Task details:
Only the lines below from the one with "И вы думаете" through the one with "Στο πλαίσιο της" are to be written out, exactly and without any images.

Data under study:
--
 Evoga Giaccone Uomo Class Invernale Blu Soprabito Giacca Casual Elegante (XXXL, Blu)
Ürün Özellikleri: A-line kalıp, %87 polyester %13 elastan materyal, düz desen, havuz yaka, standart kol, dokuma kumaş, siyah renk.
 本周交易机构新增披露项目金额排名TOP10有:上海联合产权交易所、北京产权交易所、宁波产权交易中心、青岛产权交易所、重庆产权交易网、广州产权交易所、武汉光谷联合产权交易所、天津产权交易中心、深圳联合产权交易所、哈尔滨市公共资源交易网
--
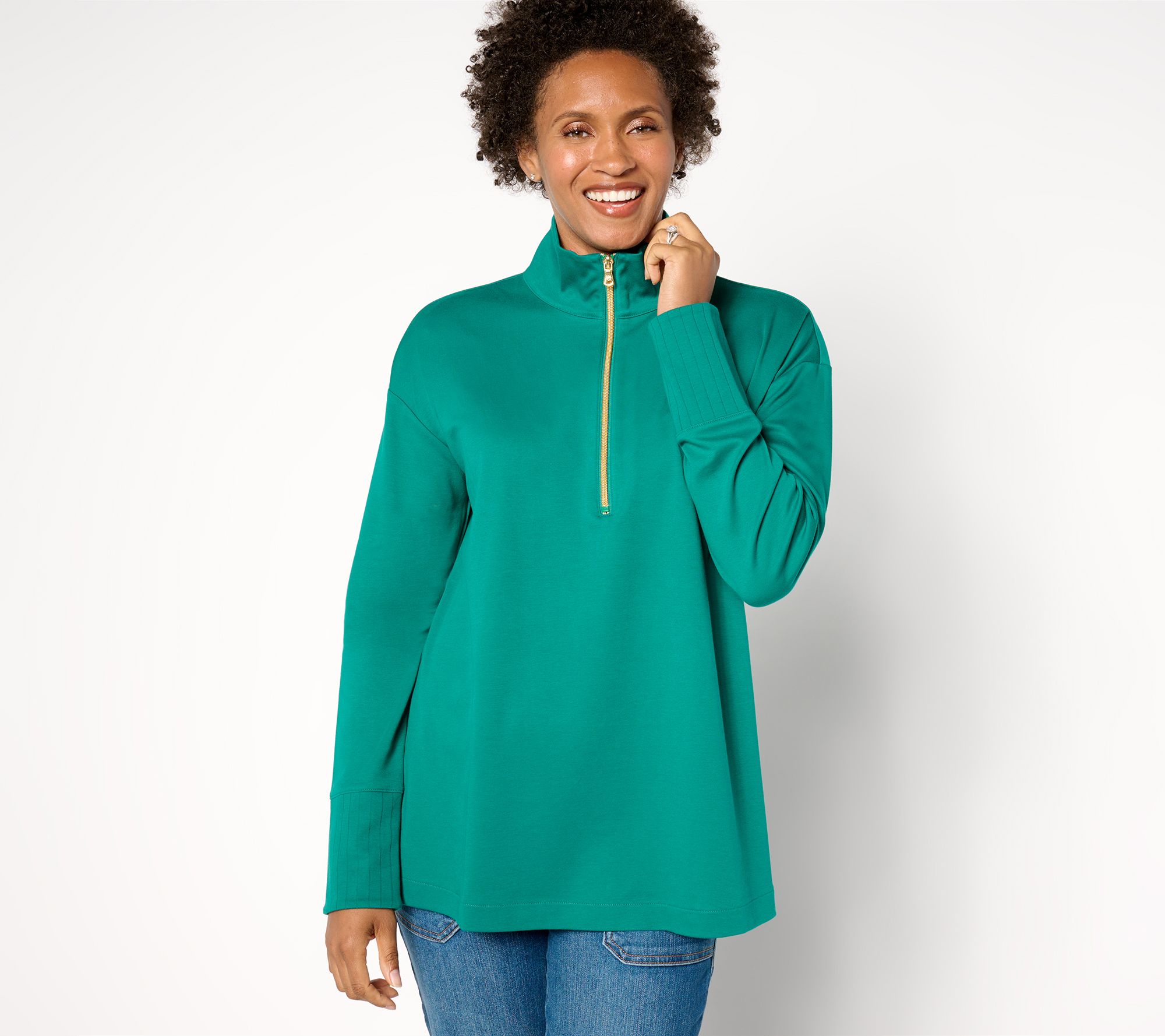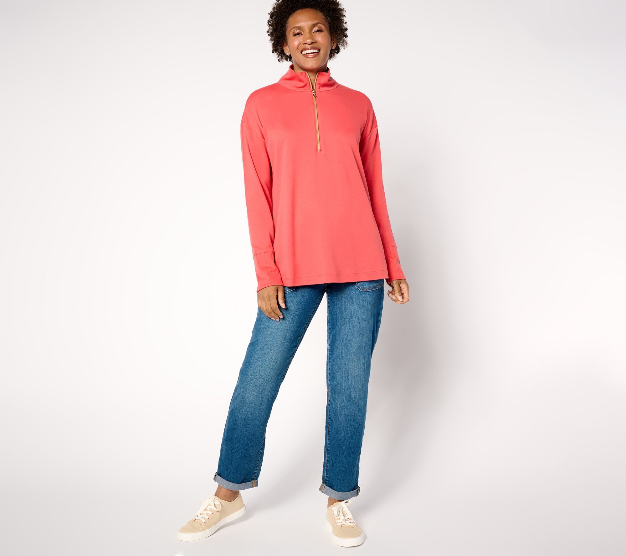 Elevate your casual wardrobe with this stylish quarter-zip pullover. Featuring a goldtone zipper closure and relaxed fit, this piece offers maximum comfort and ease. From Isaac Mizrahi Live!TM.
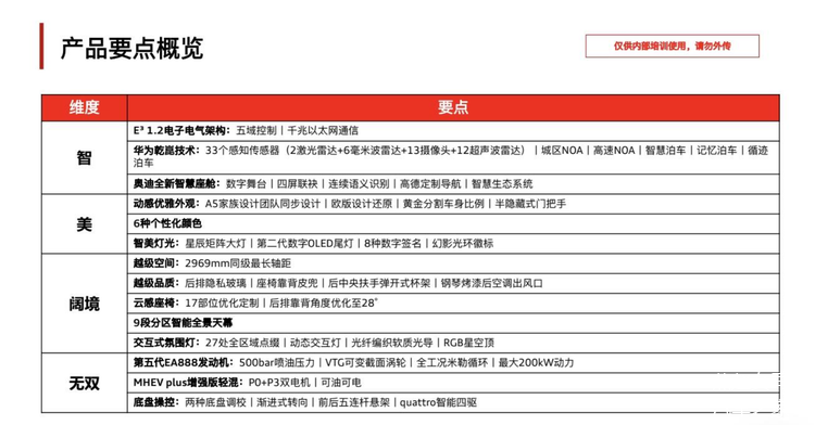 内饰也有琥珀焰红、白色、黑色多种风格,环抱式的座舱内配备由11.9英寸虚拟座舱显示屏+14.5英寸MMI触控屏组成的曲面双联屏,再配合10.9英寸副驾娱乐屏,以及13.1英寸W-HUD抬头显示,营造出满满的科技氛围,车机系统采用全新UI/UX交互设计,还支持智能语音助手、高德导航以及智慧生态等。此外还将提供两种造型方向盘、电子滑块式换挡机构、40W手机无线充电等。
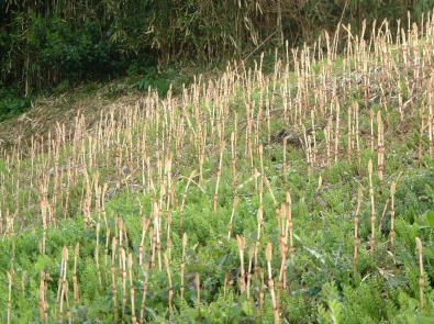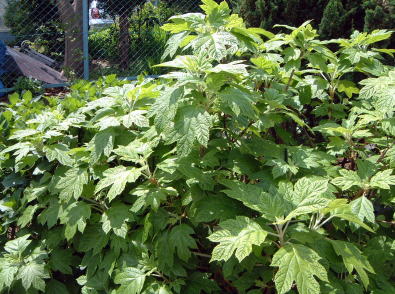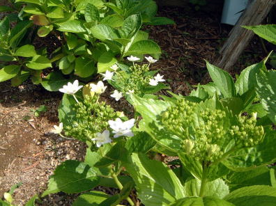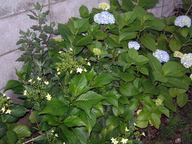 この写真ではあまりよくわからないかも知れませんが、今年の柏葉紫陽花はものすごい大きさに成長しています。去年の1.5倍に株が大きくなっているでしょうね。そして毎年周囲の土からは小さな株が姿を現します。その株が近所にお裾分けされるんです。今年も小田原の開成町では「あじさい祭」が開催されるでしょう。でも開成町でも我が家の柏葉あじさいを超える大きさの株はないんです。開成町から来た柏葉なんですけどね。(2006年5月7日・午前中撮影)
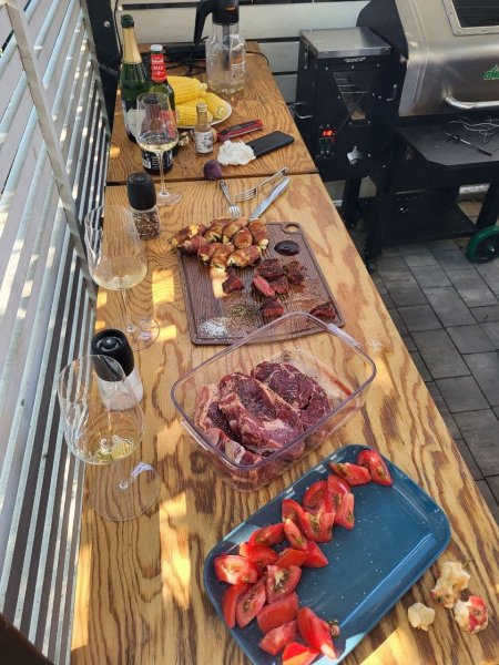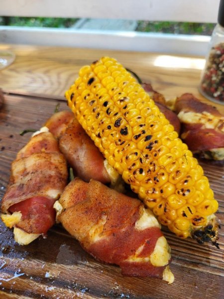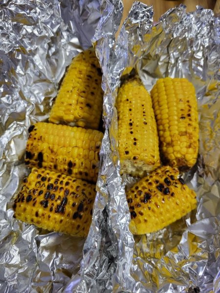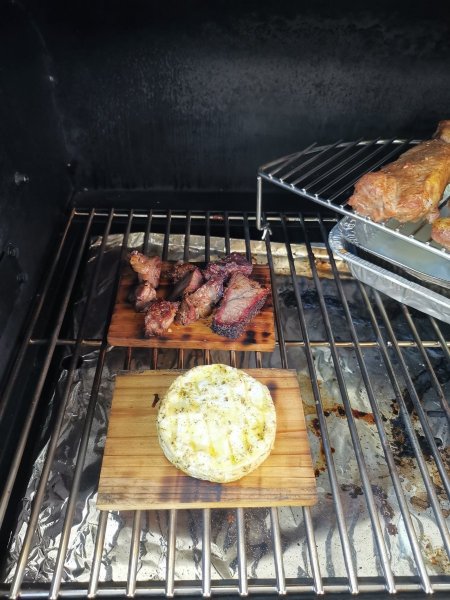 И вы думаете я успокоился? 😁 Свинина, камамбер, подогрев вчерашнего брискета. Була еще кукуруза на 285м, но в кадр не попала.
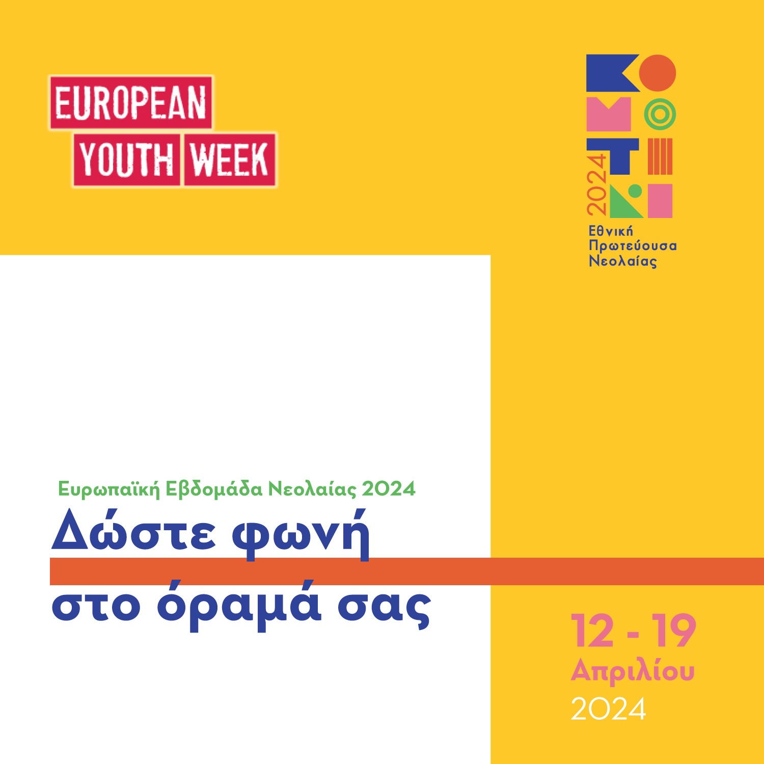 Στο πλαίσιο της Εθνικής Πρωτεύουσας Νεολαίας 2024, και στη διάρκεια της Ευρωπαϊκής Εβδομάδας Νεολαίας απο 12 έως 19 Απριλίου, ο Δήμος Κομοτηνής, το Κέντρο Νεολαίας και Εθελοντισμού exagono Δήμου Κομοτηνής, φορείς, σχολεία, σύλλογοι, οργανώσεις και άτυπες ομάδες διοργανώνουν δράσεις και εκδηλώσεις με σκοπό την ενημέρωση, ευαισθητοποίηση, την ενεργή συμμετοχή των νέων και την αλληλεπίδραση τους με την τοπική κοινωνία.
--
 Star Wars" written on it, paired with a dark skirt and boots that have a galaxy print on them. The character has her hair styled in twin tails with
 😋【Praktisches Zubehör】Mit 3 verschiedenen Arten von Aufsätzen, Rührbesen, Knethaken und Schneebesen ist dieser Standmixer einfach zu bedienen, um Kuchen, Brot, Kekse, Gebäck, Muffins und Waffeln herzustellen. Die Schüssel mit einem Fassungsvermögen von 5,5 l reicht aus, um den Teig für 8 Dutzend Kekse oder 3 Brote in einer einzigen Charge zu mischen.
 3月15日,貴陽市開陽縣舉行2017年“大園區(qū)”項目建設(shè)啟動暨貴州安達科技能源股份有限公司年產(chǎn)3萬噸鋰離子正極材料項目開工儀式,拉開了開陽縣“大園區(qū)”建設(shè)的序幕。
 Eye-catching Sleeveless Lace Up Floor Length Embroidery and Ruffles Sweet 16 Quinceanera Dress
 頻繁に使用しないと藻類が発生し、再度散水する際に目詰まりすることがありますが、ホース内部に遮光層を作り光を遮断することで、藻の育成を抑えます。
--
Exercise answer:
 И вы думаете я успокоился? 😁 Свинина, камамбер, подогрев вчерашнего брискета. Була еще кукуруза на 285м, но в кадр не попала.
 Στο πλαίσιο της Εθνικής Πρωτεύουσας Νεολαίας 2024, και στη διάρκεια της Ευρωπαϊκής Εβδομάδας Νεολαίας απο 12 έως 19 Απριλίου, ο Δήμος Κομοτηνής, το Κέντρο Νεολαίας και Εθελοντισμού exagono Δήμου Κομοτηνής, φορείς, σχολεία, σύλλογοι, οργανώσεις και άτυπες ομάδες διοργανώνουν δράσεις και εκδηλώσεις με σκοπό την ενημέρωση, ευαισθητοποίηση, την ενεργή συμμετοχή των νέων και την αλληλεπίδραση τους με την τοπική κοινωνία.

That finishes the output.